Oh and put me down as a "maybe" for Kneesworth


----------



## NormStrm (Sep 6, 2003)

Hi Lisa

I got the feeling that Tim was well chuffed even if it was over "_Just some manky old pipe things_" :lol:

Hope to see you at the meet :-*

Norman


----------



## genocidalduck (May 19, 2005)

Dammit and there was me thinking he wanted to see me :x . And all he wants is a couple of old manky pipe things. I'm with Lisa on this. I'm really not into cars that much


----------



## jampott (Sep 6, 2003)

genocidalduck said:


> Dammit and there was me thinking he wanted to see me :x . And all he wants is a couple of old manky pipe things. I'm with Lisa on this. I'm really not into cars that much


Ahem. Yeah. Righto. :wink:


----------



## markTT225 (Apr 8, 2004)

Late entry as usual :roll: Please add me to the list Norm :wink:

Graveley 6:45 onwards for the mini cruise (Clive - please disconnect at least 2 spark plugs so I can keep up this time  :wink: )


----------



## Chip_iTT (Nov 14, 2003)

Sorry Norm, wont be able to make this one.... will try for May tho....


----------



## NormStrm (Sep 6, 2003)

markTT225 said:


> Late entry as usual :roll: Please add me to the list Norm :wink:


All entries welcome late or otherwise :wink:


----------



## NormStrm (Sep 6, 2003)

Chip_iTT said:


> Sorry Norm, wont be able to make this one.... will try for May tho....
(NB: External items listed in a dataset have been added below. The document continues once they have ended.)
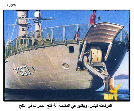 الفرقاطة ثيتس، ويظهر في المقدمة آلة فتح الممرات في الثلج
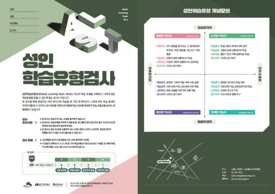 성인학습유형검사는 성인 학습자가 자신의 학습 유형을 이해하고 자신에게 맞는 학습 방법을 찾을 수 있게 돕는 검사 도구다. 은평구와 평생학습관이 2022년부터 3년에 걸쳐 공동 개발한 결과물이다.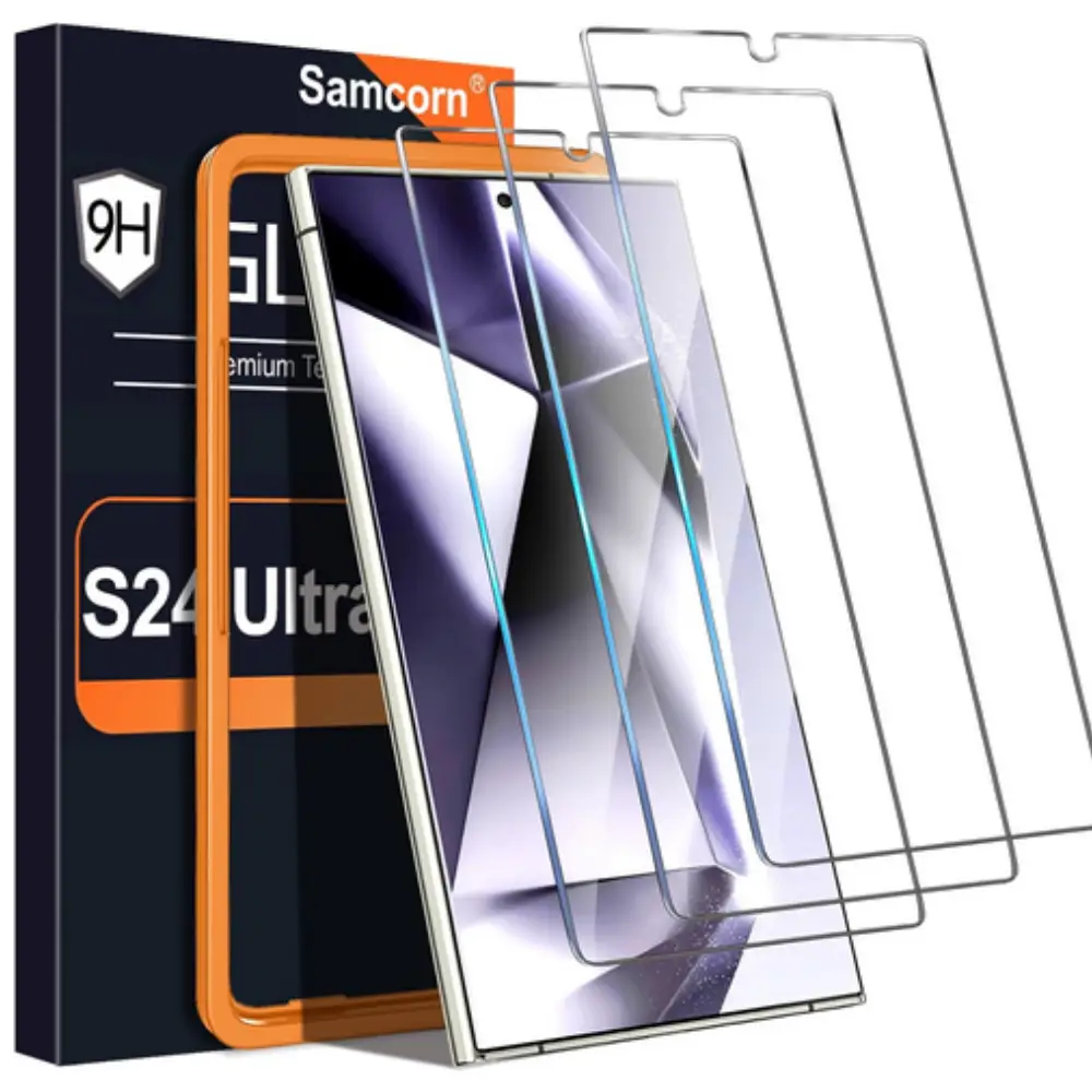 Compra el paquete de 3 protectores para Samsung Galaxy S24 Ultra. Vidrio templado 9H, desbloqueo ultrasónico y compatibilidad con fundas.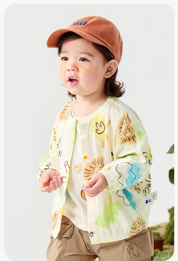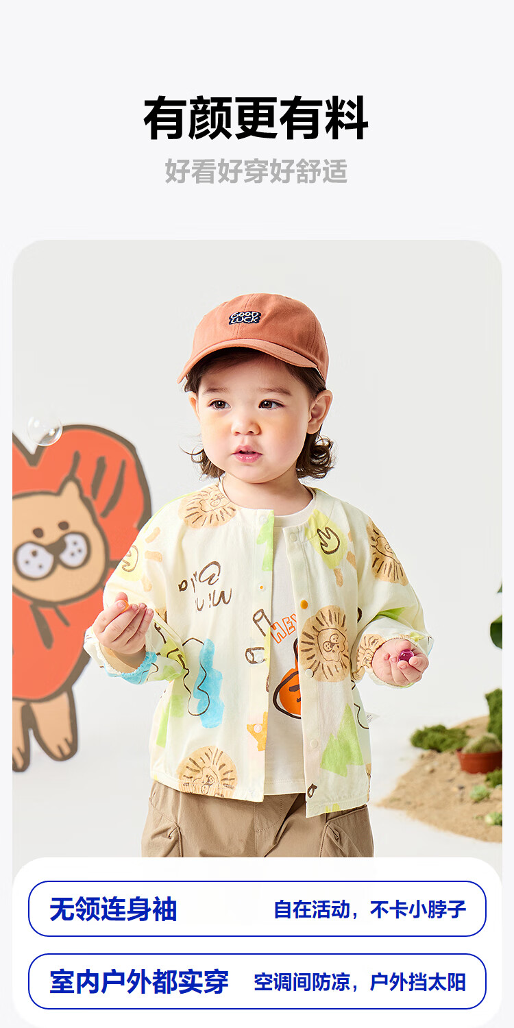 迷你巴拉男女童外套夏季婴儿轻薄透气防晒轻薄衬衫 奶白 130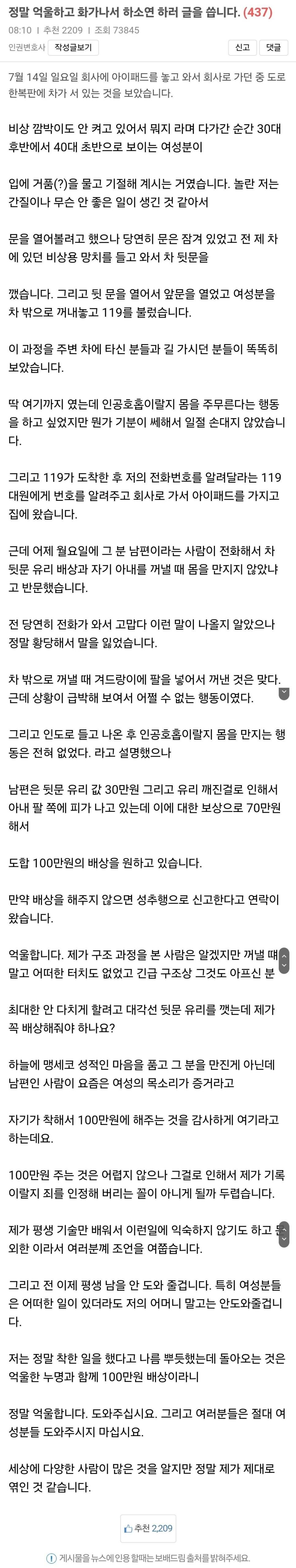 차에서 ㄱ절한 아줌마 구했더니 돈을 요구하네요… 차에서 ㄱ절한 아줌마 구했더니 돈을 요구하네요… ADVERTISEMENT ADVERTISEMENT [저작권자 NEWSNACK/ 무단복사, 무단전재 및 재배포 금지 (위반 시 법적조치)]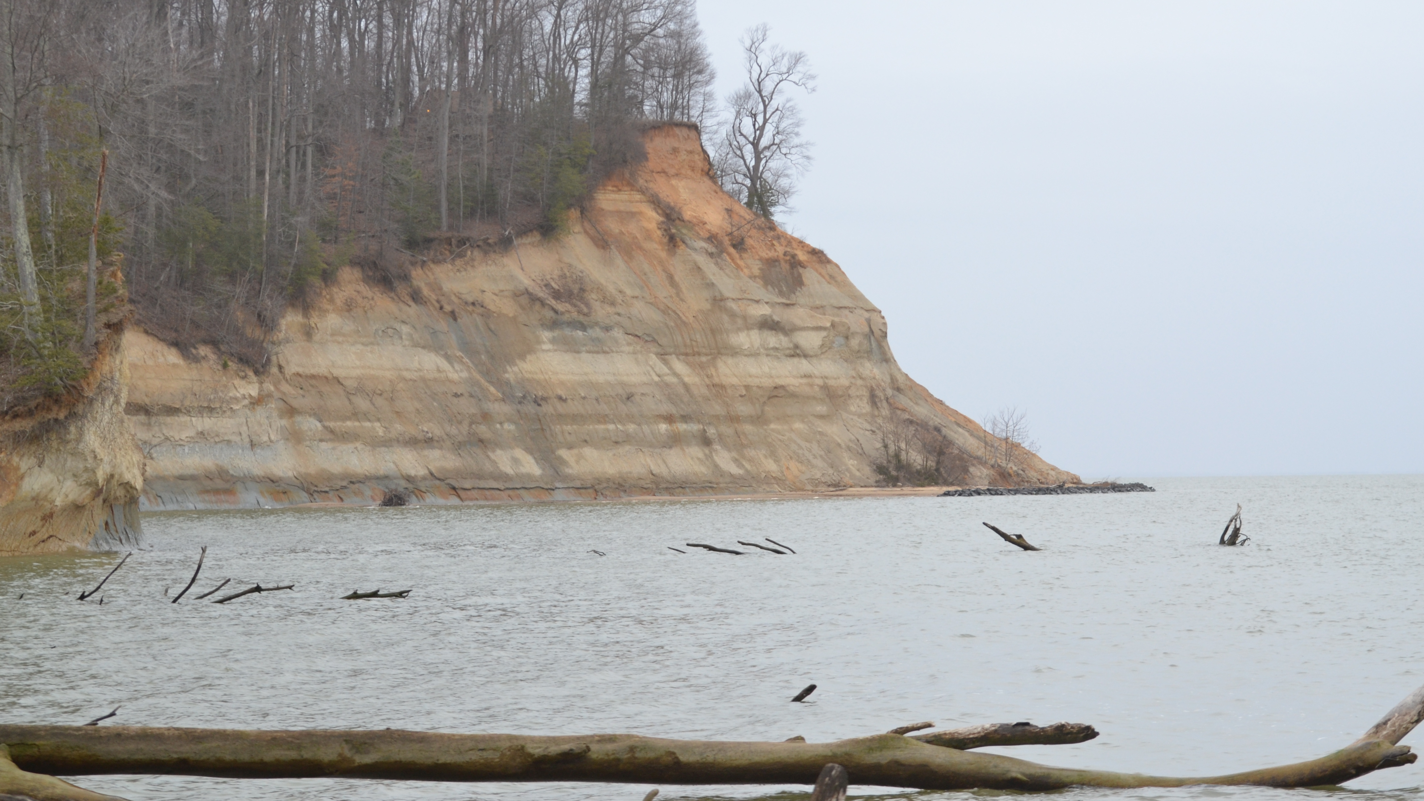 The stripes on these cliffs show different layers of sediment laid down at the bottom of an ancient sea, between 3.5 and 5 million years ago. As the cliffs erode, fossils from that era are released and wash up on the beach.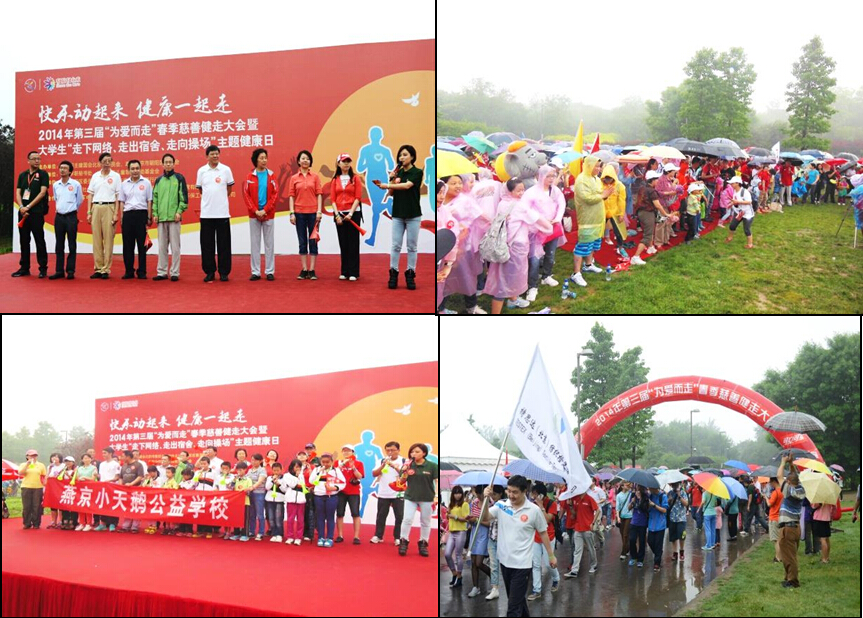 ,雨中的北京奥林匹克森林公园充满了快乐的气氛,来自亚投网登录平台入口官网、可口可乐、康菲石油等50余家知名企业和20所高校的5000多名志愿者在北京奥林匹克森林公园,共同冒雨参加了2014年第三届“为爱而走”春季慈善健走大会暨大学生“走下网络、走出宿舍、走向操场”主题健康日活动。活动旨在以行走的方式,传播和推广健康生活理念,为改善打工子弟学校学生的学习和生活条件募集善款。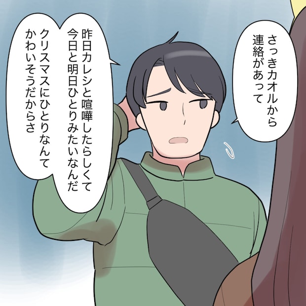 するとシンジは少し気まずそうに「さっきカオルから連絡があって、昨日彼氏と喧嘩したらしくて今日と明日ひとりみたいなんだ・・・クリスマスにひとりなんてかわいそうだからさ」と言いました。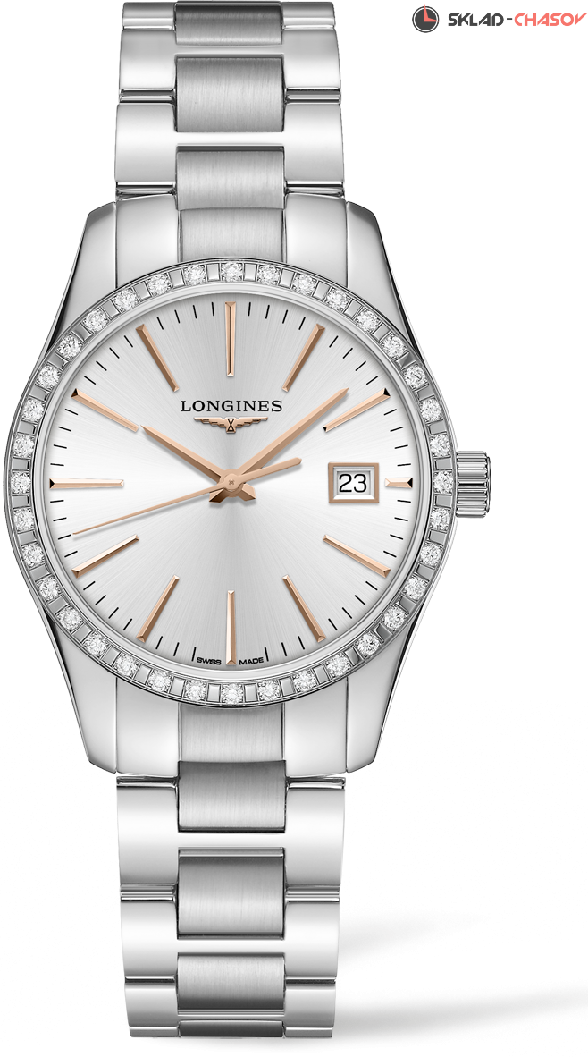 Женская кварцевая модель. Безель украшен 36 бриллиантами. Расположение даты в районе 3 часов.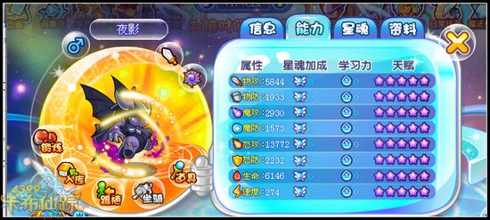 综合分析:夜影输出方面较为强,物攻和怒攻若是加上学习力和星魂,应该能更强了。生存方面过于弱,三防过低,物防,魔防和怒防一样,太低了,基本被打中都是必死无疑的,生命的话,若是加上学习力和星魂,应该抵挡得住其他灵兽的攻击,速度过低,总的来说夜影的极限值不怎么样。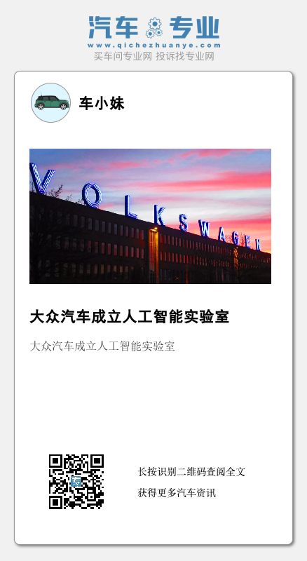 在一份新闻稿中,大众汽车表示,新成立的人工智能实验室将作为“全球联网的能力中心和孵化器”,致力于在汽车创新技术领域进行概念验证。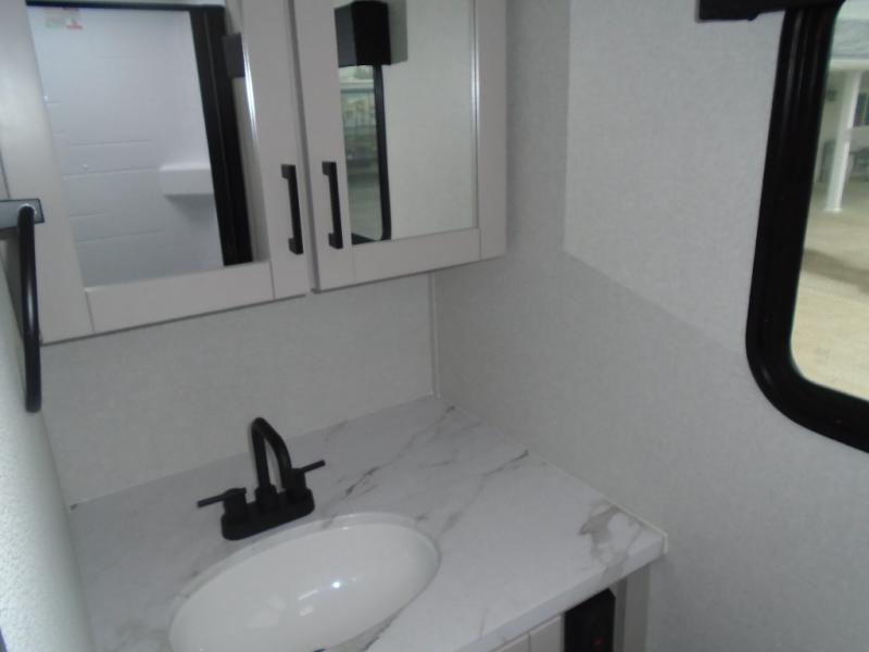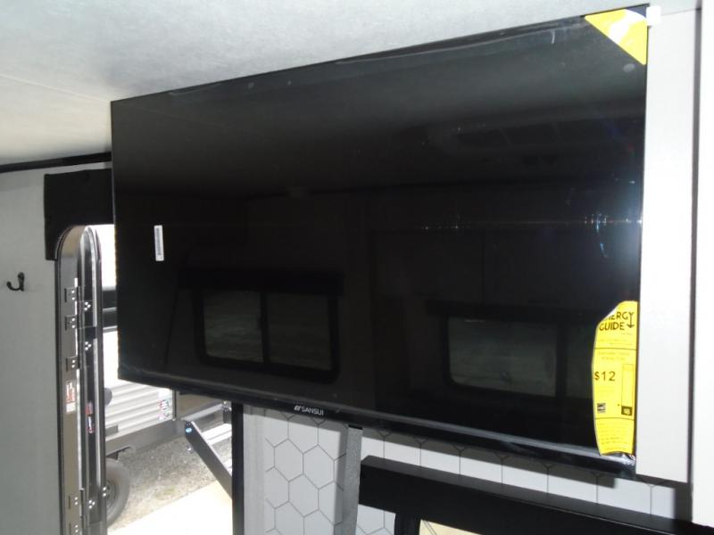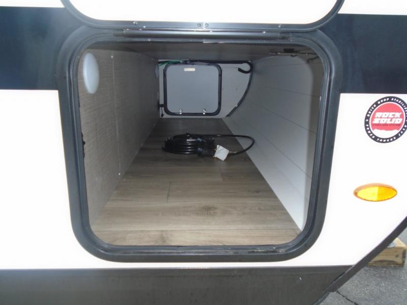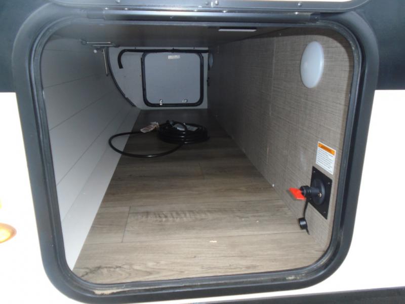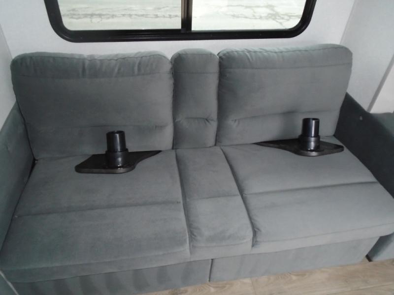 This travel trailer will feel just like home with its front queen bed, full rear bath, and fully-equipped kitchen! There is a jack-knife sofa slide out where you can relax each day, and there are swivel tables so you can enjoy meals here too. The LED Smart TV will let you stay in and watch movies if the weather isn't cooperating, or you can grab the fishing gear from the outside storage and weather the storm! You'll also find plenty of interior storage in the multiple overhead cabinets and the bath medicine cabinet!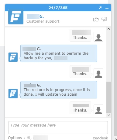 이 경우 FastComet에 연락하여 사이트 롤백을 요청할 수 있습니다.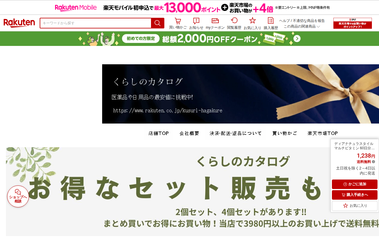 このページは、DHCのマルチビタミンサプリメント60日分(60粒)×3個セットの楽天市場での販売ページです。1粒で13種類のビタミンを効率的に摂取でき、野菜不足や外食が多い方、不規則な生活の方に推奨されています。価格は2...

Thanks for letting me know.


----------



## scoTTy (May 6, 2002)

Nor me again. If it's not home stuff it's work. :?


----------



## genocidalduck (May 19, 2005)

Renton maybe coming Norm...Said he will let me know so i can arrange to meet him on route. Surprised he hasnt posted.


----------



## jampott (Sep 6, 2003)

Am I still welcome, or do I have to meet Norm in secret? :lol:


----------



## was (Mar 24, 2003)

:evil:  im sorry Norman but work/time will be very tight, I will try to pop in though.

was.


----------



## spilmah (Nov 28, 2003)

Will be there Norman, although its going to be the last one for me   TT's going   
(god its gona kill me to see someone drive off in it )

Sam XX


----------



## NaughTTy (Jul 9, 2003)

spilmah said:


> Will be there Norman, although its going to be the last one for me   TT's going
> (god its gona kill me to see someone drive off in it )
> 
> Sam XX












You can't sell your little blue beauty


----------



## genocidalduck (May 19, 2005)

Just got a call from the dealer...They wont be getting their demo back until next week :x


----------



## NaughTTy (Jul 9, 2003)

genocidalduck said:


> Just got a call from the dealer...They wont be getting their demo back until next week :x


Booo


----------



## NormStrm (Sep 6, 2003)

jampott said:


> Am I still welcome, or do I have to meet Norm in secret? :lol:


Will have to keep you in a shadowy corner so you can keep a low profile


----------



## NormStrm (Sep 6, 2003)

was said:


> :evil:  im sorry Norman but work/time will be very tight, I will try to pop in though.
> 
> was.


  hope you can make an appearance.


----------



## NormStrm (Sep 6, 2003)

NaughTTy said:


> spilmah said:
> 
> 
> > Will be there Norman, although its going to be the last one for me   TT's going
> ...


TToTTally agree 

will be good to see you though.


----------



## NormStrm (Sep 6, 2003)

genocidalduck said:


> Just got a call from the dealer...They wont be getting their demo back until next week :x


bummer but at least it will be another TT in the carpark


----------



## genocidalduck (May 19, 2005)

NormStrm said:


> jampott said:
> 
> 
> > Am I still welcome, or do I have to meet Norm in secret? :lol:
> ...


Look on the brightside Tim. You will probably have me to keep ya company


----------



## Lisa. (May 7, 2002)

genocidalduck said:


> NormStrm said:
> 
> 
> > jampott said:
> ...


I won't be there tonight either, I've driven back to Worcester this morning. Too much work to finish before the new term starts again. :?


----------



## jampott (Sep 6, 2003)

Anyone meeting enroute?


----------



## NaughTTy (Jul 9, 2003)

I should be able to make Graveley by 7:15


----------



## NormStrm (Sep 6, 2003)

markTT225 said:


> Late entry as usual :roll: Please add me to the list Norm :wink:
> 
> Graveley 6:45 onwards for the mini cruise (Clive - please disconnect at least 2 spark plugs so I can keep up this time  :wink: )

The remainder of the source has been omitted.